-
Notifications
You must be signed in to change notification settings - Fork 474
Description
Description
Hi,
I think i've tried about everything to get grammar to work properly to no avail. I have read the docs and looked at the issues, but for some reason I can't click the checkboxes. docs/Examples/GrammarJsonResponse.md is outdated btw.
I'm using 0.25 on a Stateless executor: Here's a link to the adapter i wrote
The same grammar that works on KoboldCpp always gives me an error when running LLamaSharp instead. A System.IndexOutOfRangeException: 'Index was outside the bounds of the array.' to be precise.
I'm probably doing something wrong, but I really don't see what. I tried with different Grammar Optimization values out of curiosity, but nope. Oh, and yeah, normal generation works perfectly fine.

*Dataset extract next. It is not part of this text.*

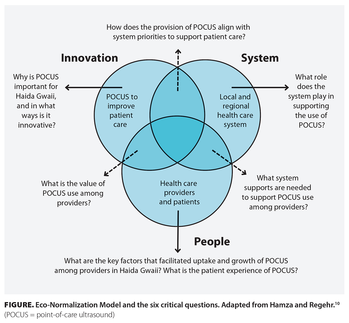 We conducted a retrospective evaluation of the factors that led to the emergence of the innovative use of POCUS on Haida Gwaii. Traditional models of program evaluation were not a good fit, because they were generally prospective and focused on programs that were intentional rather than emergent. The Eco-Normalization Model, a theoretical framework derived from implementation science theories, examines the longevity of an innovation within the context of the local ecosystem and explores features of the ecosystem that may enhance (or detract from) the innovation’s longevity.[10] The model gives rise to six critical questions to consider [Figure]. We contextualized the original model to account for this unique application and expanded the original domain of “people doing the work” to “people involved in the innovation” to include the patient perspective.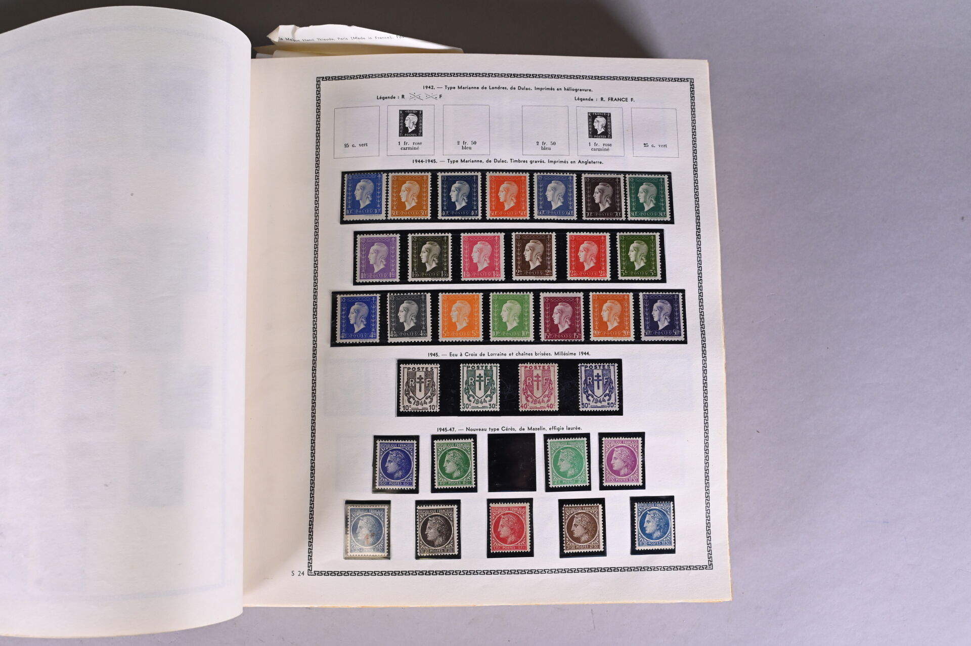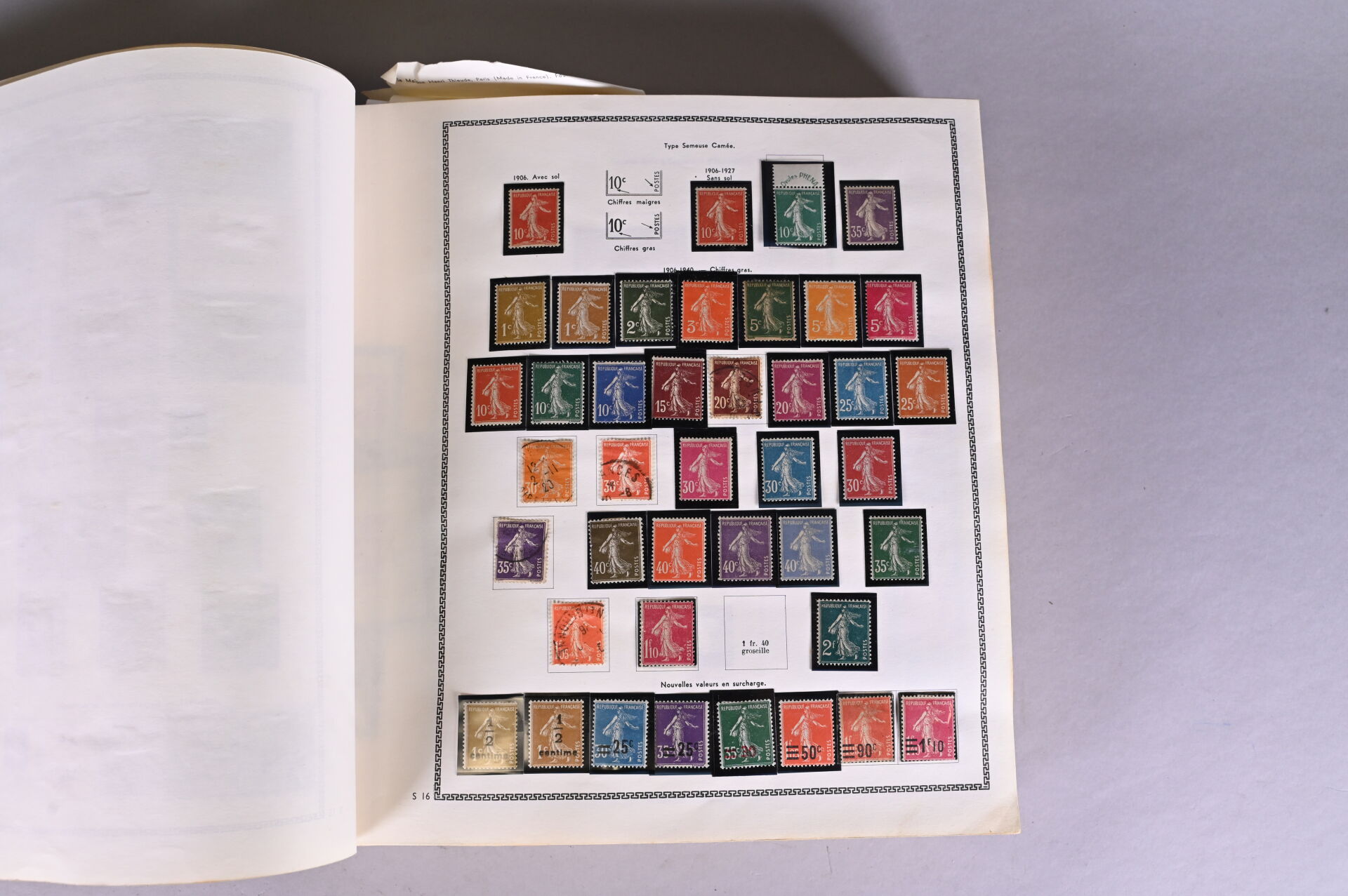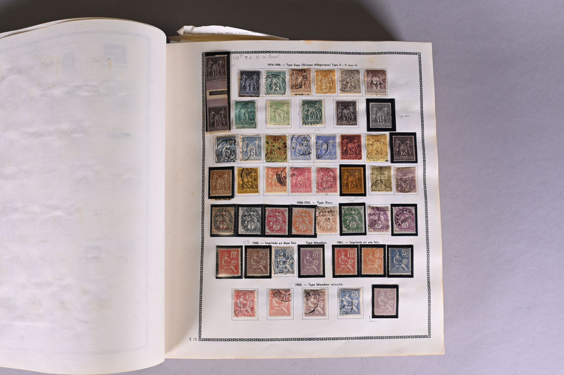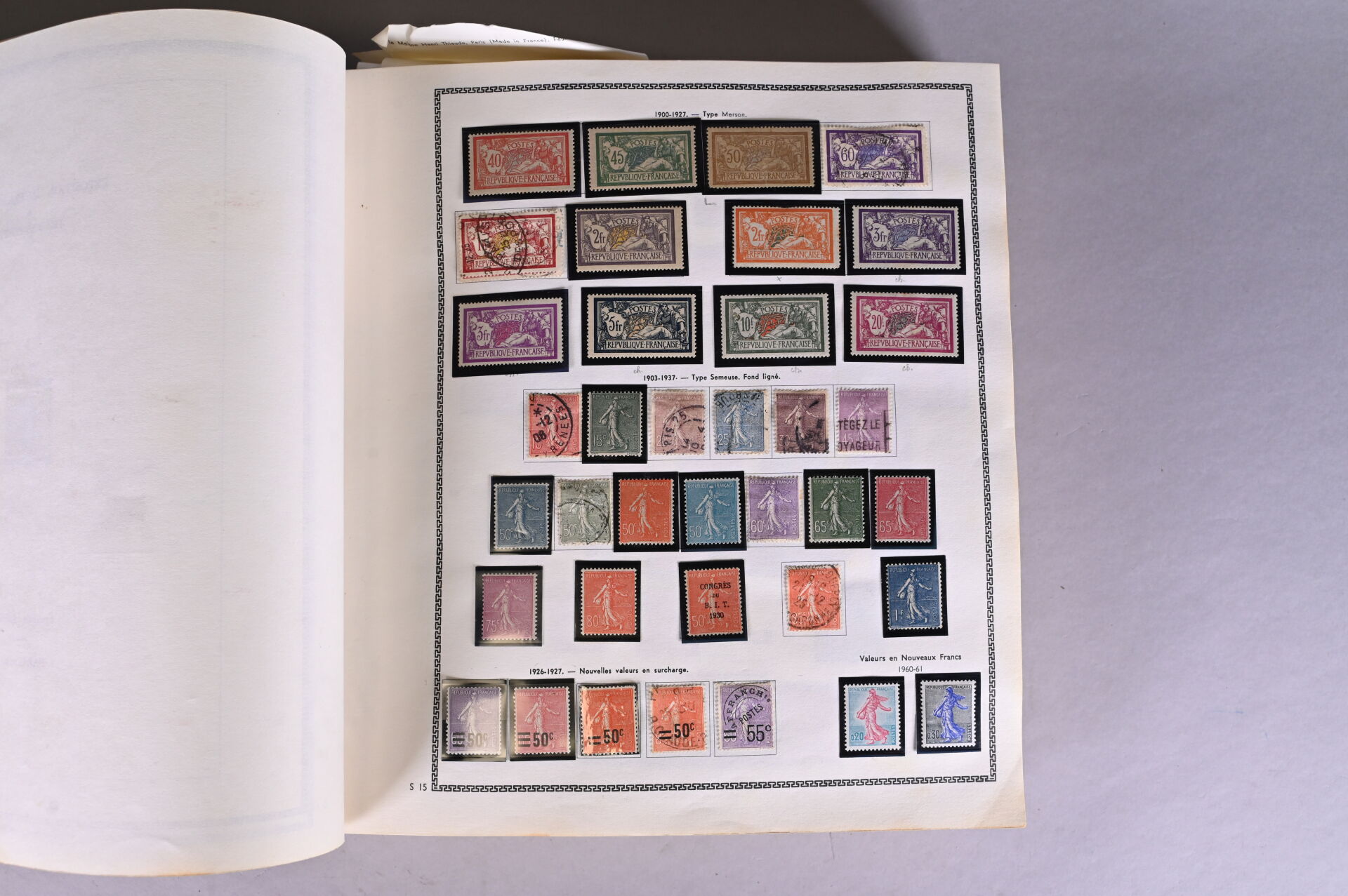 1 Album. **/*/O. France Classique et SM : Collection de timbres de France Classique en majorité obl. dont Cérès, Bordeaux, Empire et Sage dont n°103b et n°216 + SM dont Merson dont 2, 5, 10 et 20Fr neuf, Congrès de Bordeaux et Havre neufs, Monuments neuf, Samothrace, 2ème et 3ème Orphelins, CA incomplet neuf mais Sourire, Province et Travail, PA 15 obl. et Traversée de l’Atlantique. B à SUP. Une vidéo montrant l’intégralité des timbres peut être envoyée sur demande.

Any help would be super welcome because I managed to get structured output to work for both KoboldAPI, and OpenAI-compatible backends. So, that'd very neat to get feature parity for LLamaSharp.
Reproduction Steps
So, example:
I have a BasicBitch class
public class BasicBitch
{
public string Response { get; set; } = string.Empty;
public int Confidence { get; set; } = 0;
}
The simplest possible JSON Schema -> GBNF conversion gives:
root ::= "{" space Response-kv "," space Confidence-kv "}" space
Response ::= string | null
Response-kv ::= "\"Response\"" space ":" space Response
Confidence-kv ::= "\"Confidence\"" space ":" space integer
char ::= [^"\\\x7F\x00-\x1F] | [\\] (["\\bfnrt] | "u" [0-9a-fA-F]{4})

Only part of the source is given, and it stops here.